The Big Reveal: Edward Snowden
“It may be legal, but it’s not constitutional” ~ Daniel Ellsberg
Much is being made of Edward Snowden, the whistleblower who recently revealed NSA abuses from Hong Kong. Whatever you may think about him, he’s already achieved a formidable task; the entire world is now engaged in discussions about government surveillance programs. Obama says he welcomes such a debate, but without Snowden’s unveiling, there’s little doubt he’d be content to remain behind a cloak of secrecy.
(Protests @ the US Consulate in HK supporting Edward Snowden)
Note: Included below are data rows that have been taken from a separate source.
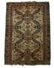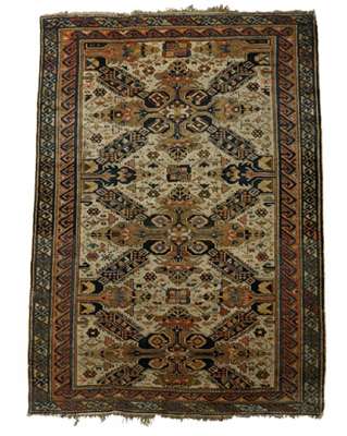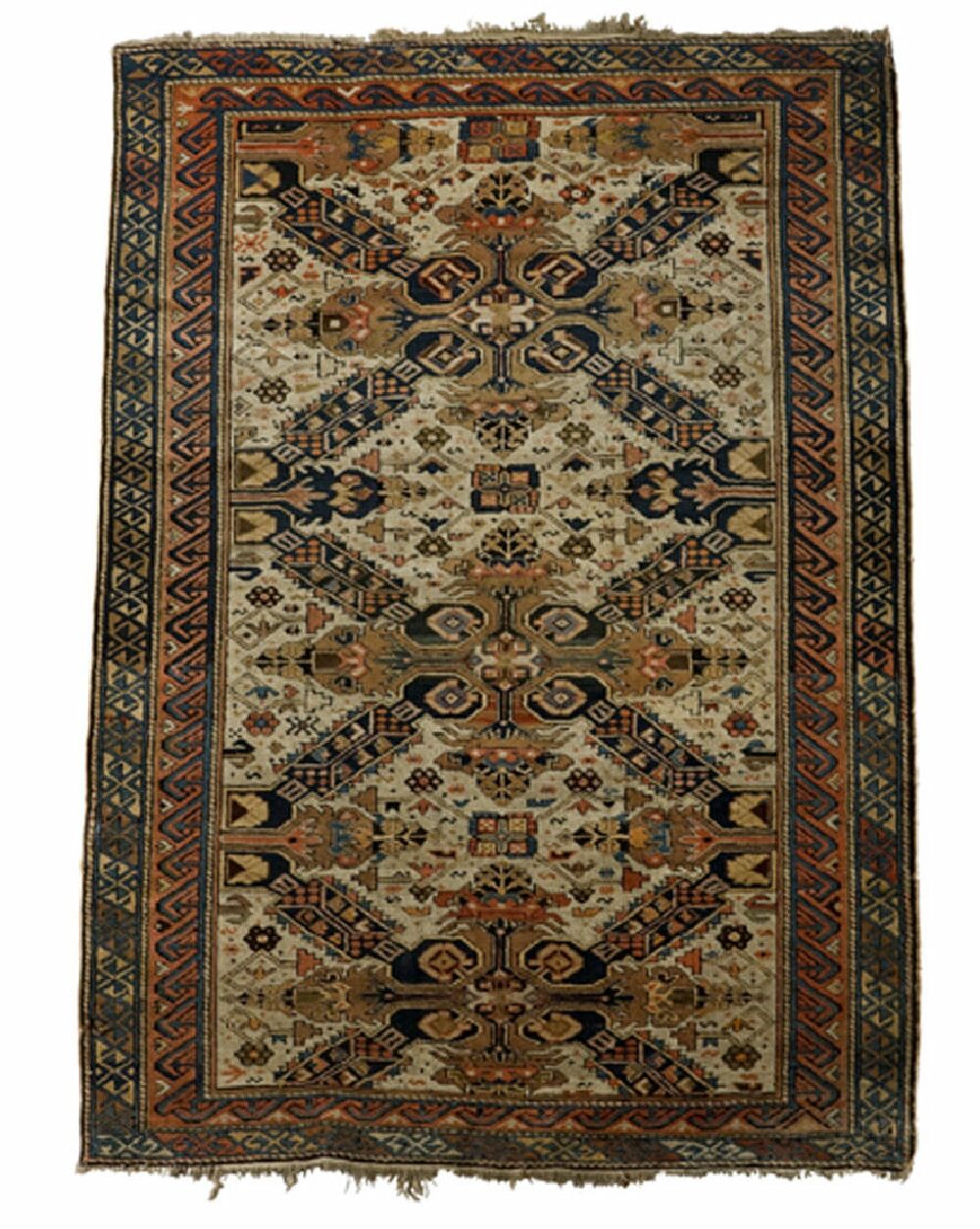 late 19th/early 20th century, the ivory field with three indigo and brown X medallions, within red wave scroll and blue hooked X borders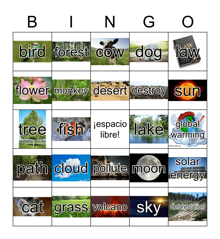 This bingo card has 24 images, a free space and 24 words: cloud, grass, desert, cat, law, bird, flower, forest, lake, pollute, destroy, tree, moon, solar energy, monkey, sky, global warming, cow, sun, fish, deforestation, path, dog and volcano.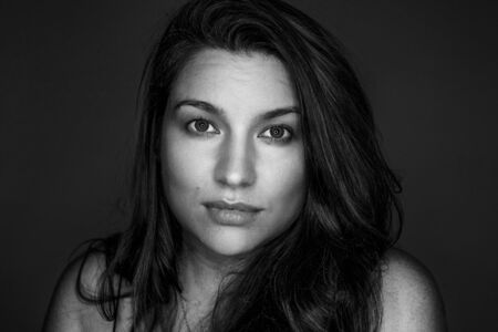 portrait of beautiful dark-haired girl with low-cut long hair and white t-shirt in black and white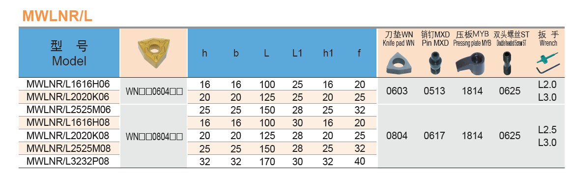 MWLNR1616H08 Forward Knife MWLNL1616H08 Reverse Knife MWLNR2020K08 Forward Knife MWLNL2020K08 Reverse Knife MWLN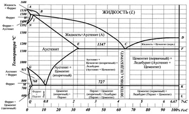 1. Вычертите диаграмму состояния железо – цементит, укажите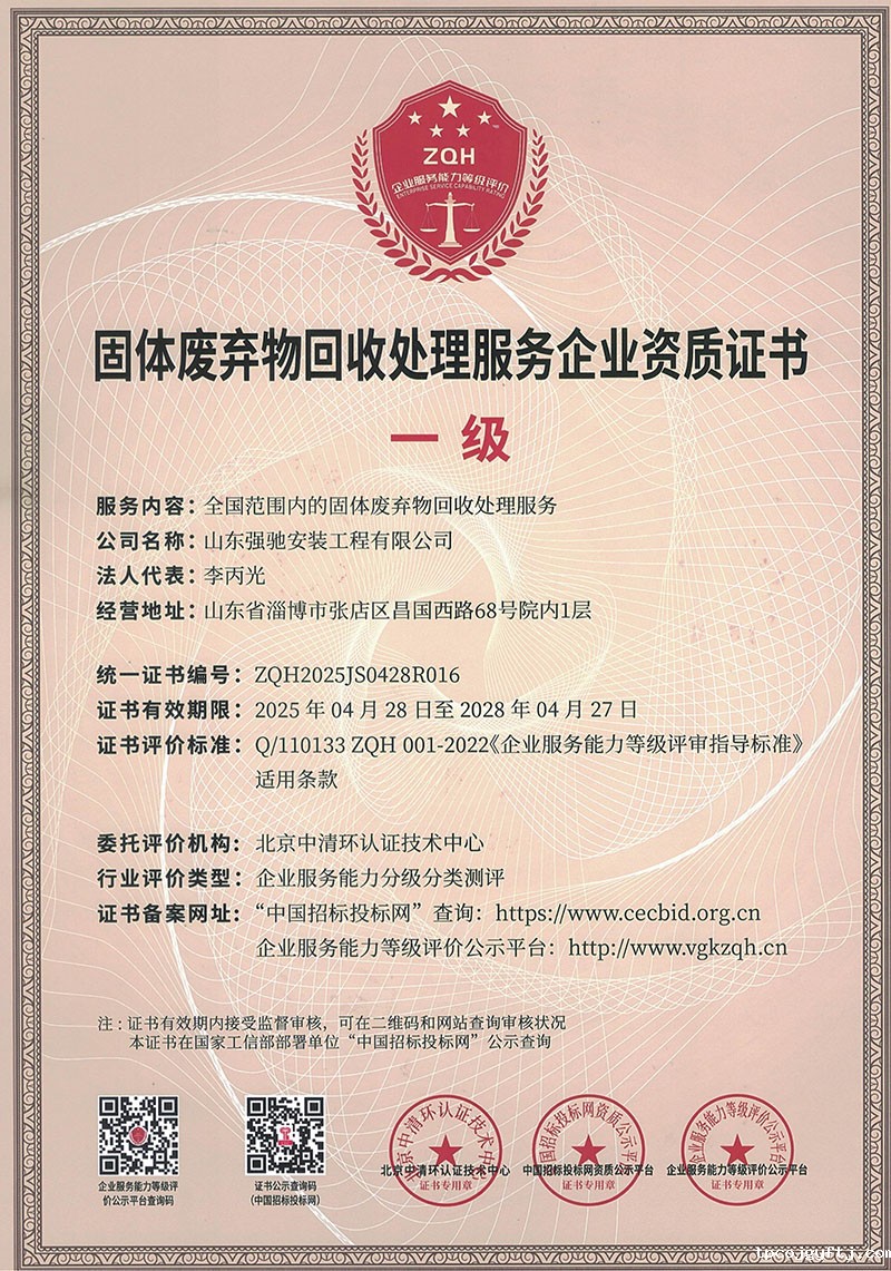 固体废弃物回收证书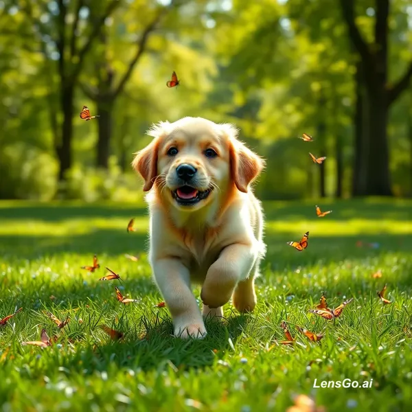 AI Image: A cute golden retriever puppy running in a green park, playing with butterflies, bright sunlight, ci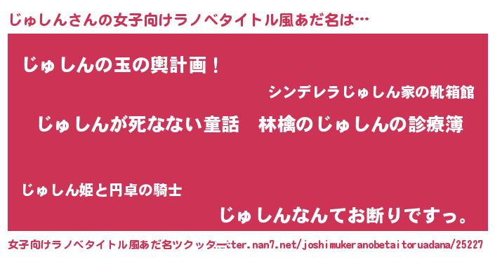 | 胡散臭い通販商品みたいなあだ名 | 『ハリウッド女優が絶賛した100年もののヴィンテージワイン…その名も「じゅしん」』 |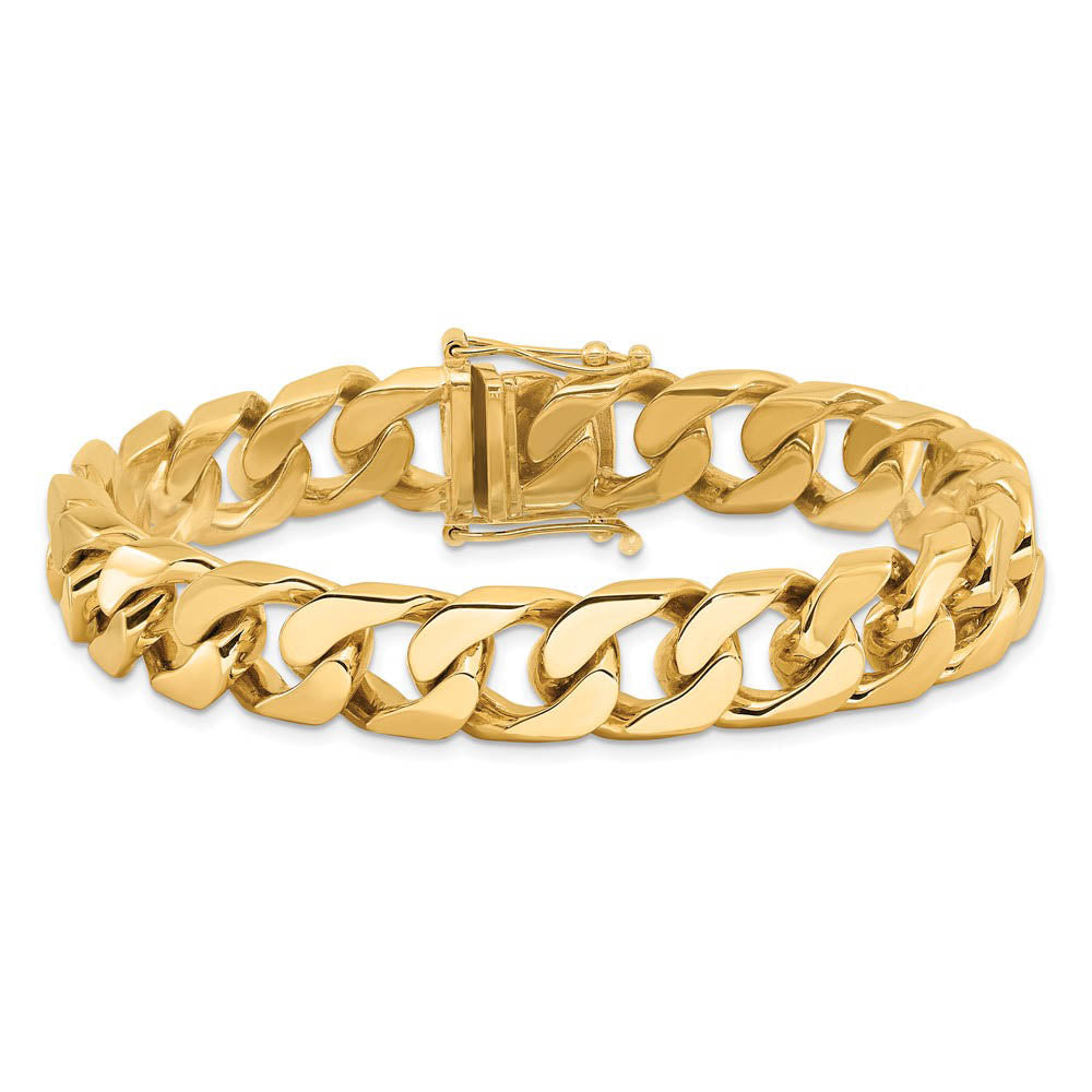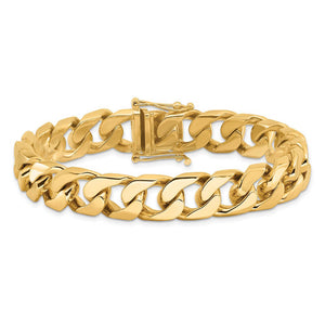 This hand polished, solid link, flat beveled curb chain bracelet is crafted from 14k yellow gold. Measures 8 inches in length, 12mm in width and closes with a heavy duty box closure.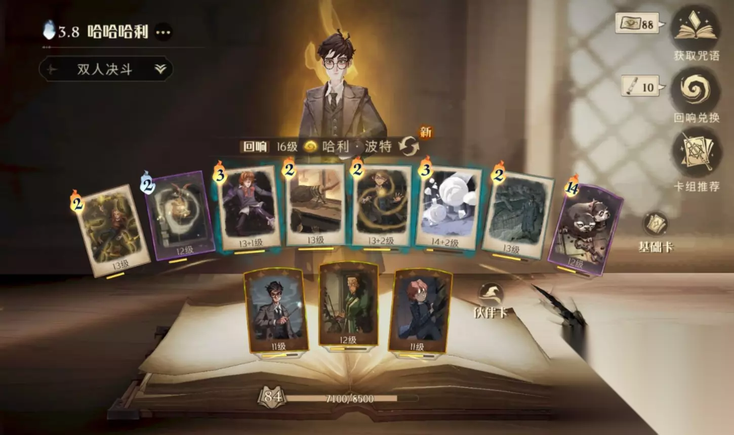 ✨基础卡:三头犬宝宝,飞沙走石,昏昏倒地,万弹齐发,雪球咒,变形咒,飞天扫帚,云雾缥缈。 ✨伙伴卡:哈利·波特,米勒娃· 麦格,鲁伯· 海格。 ✨介绍:主要依靠变形咒+雪球咒,万弹齐发+飞天扫帚来打主要输出,昏昏倒地和飞沙走石辅助输出和解场。 ✨回响:尽可能有卡牌加成。 ✨队友卡组建议:低费哈利,多比打球,闪电赫敏。 ❄对局思路: ✨1.使用飞天扫帚+万弹齐发或变形咒+雪球咒来消耗对方血量,然后来到角落放哈利。(尽量平均消耗,或是和队友只打对面一个。) (PS: (1)如果对方带了犀角兽,那么昏昏倒地就要捏在手中等到对方释放犀角兽后再使用。 (2)如果对方为多比,那么尽量不要用雪球咒和飞沙走石,因为基本打不到。在对方刚刚瞬移完后使用昏昏倒地和或者万弹齐发+飞天扫帚,可以大幅度提高命中率。需要注意多比的残影。) ✨2.等伙伴卡冷却结束,魔力来到9点,同时三头犬宝宝魔费在4费以下时,来到角落释放麦格,然后每隔2秒左右释放一次魔咒并在三头犬宝宝0费时召唤出放在麦格前面挡伤害,这样可以有效地减缓麦格的前进并有大概率可以召唤出石墩,和队友一起配合麦格进一步削减对方巫师们的血量。 ✨3.情况一,对方巫师血量都来到了400-500左右,己方双人魔力5点以上,和队友配合击杀其中一位,然后准确释放飞沙和变形咒打断另一人的拉人,并对其进行击杀。情况二,配合队友优先击杀敌方一名巫师三次(算上被拉起来的2次),然后再击杀另外一名巫师。 ❄卡牌替换: ✨变形咒可以替换成充气咒,速速禁锢(可以配合雪球咒快速清理多个召唤物)。 ✨云雾缥缈可以替换成金色飞贼。(换之前确保你队友身上有云雾缥缈!) ✨罗恩· 韦斯莱在比较害怕烟花的情况下可以替换成鲁伯· 海格。 双人决斗技巧 ❄弗立维 ✨1.这套卡组的主力是降调石墩和棋子士兵,所以音阶不能乱。 ✨2.如果队友也是弗立维的话两人依靠562音阶回蓝会让己方动物园成型加速。 ✨3.稳扎稳打,由于动物园很难同时打死两人,所以不用在意对方的血量,自己专注的躲技能和不停升调降调即可。 ❄卢娜+卢娜 ✨1.站在一起轮流释放统统加护,足以让对方无从下手(对面是烟花的话就别这么干了)。 ✨2.释放海格后,一定要让队友也上车(烟花赫敏看了就泪流)。 ✨3.丹尼尔可以在自己和队友都有龙蛋时释放,同时搭配上白鲜香精和统统加护确保龙蛋的孵化。 ✨4.由于缺乏斩杀能力,所以稳扎稳打很重要,不要急于一时而胡乱释放魔咒。 ❄低费哈利+低费哈利 ✨1.低费哈利1释放变形咒+雪球咒后低费哈利2接上雪球咒+变形咒,然后一起接上昏昏倒地,可以打出一波接近2000血的小爆发。 ✨2.在对方血量都达到收割线时,攒费并攒技能,然后再开启斩杀。 ✨3.低费哈利1或低费哈利2的麦格位置和第三张伙伴卡对调。(例子:低费哈利伙伴卡顺序为:哈利·波特,米勒娃· 麦格,鲁伯· 海格。 低费哈利伙伴卡顺序为:哈利·波特,罗恩·韦斯莱,米勒娃· 麦格。)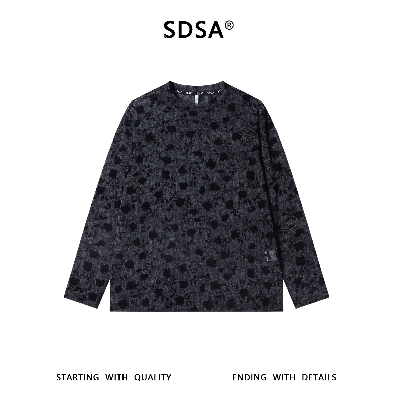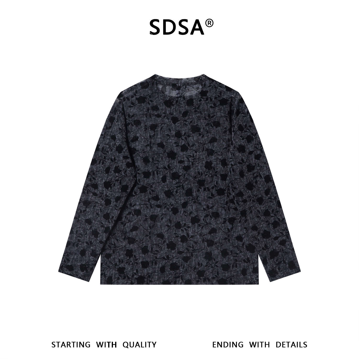 26T113SDSA男装2026新款高贵轻奢扎染满印花卉圆领长袖T恤百搭打底衫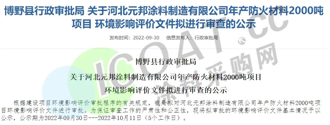 河北元邦涂料制造有限公司:年產防火材料2000噸項目,項目總投資300萬元。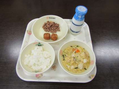 大豆のココアがらめ、ごはん、牛乳

Snowden is neither a hero nor a traitor, only a citizen. But while the president apparently welcomes a debate, certain so-called journalists have been busy filling in as sock puppet apologists for government abuses. For these flaccid hacks it’s not treason to spy on millions of Americans; only to expose it. Rather than do the kind of work Glenn Greenwald, or the recently departed Michael Hastings have done, they engage in repeated ad hominem attacks and claim the reports are nothing new. At least their dereliction of duty is transparently pathetic.
(Glenn Greenwald in HK)
Others, such as Jeffrey Toobin, the putz who got the Supreme Court’s 2012 Obamacare ruling wrong, spew in The New Yorker another type of particularly dishonest criticism. In a desperate attempt to wrest the moral high-ground away from Snowden, Toobin tries to redefine “whistleblower” as someone who reveals only illegal activity. That’s patently false. A whistleblower uncovers abuses, corruption and malfeasance, all activities that may not be technically illegal, but only by revealing them do they become so. Snowden is doing precisely what any citizen of conscience should do.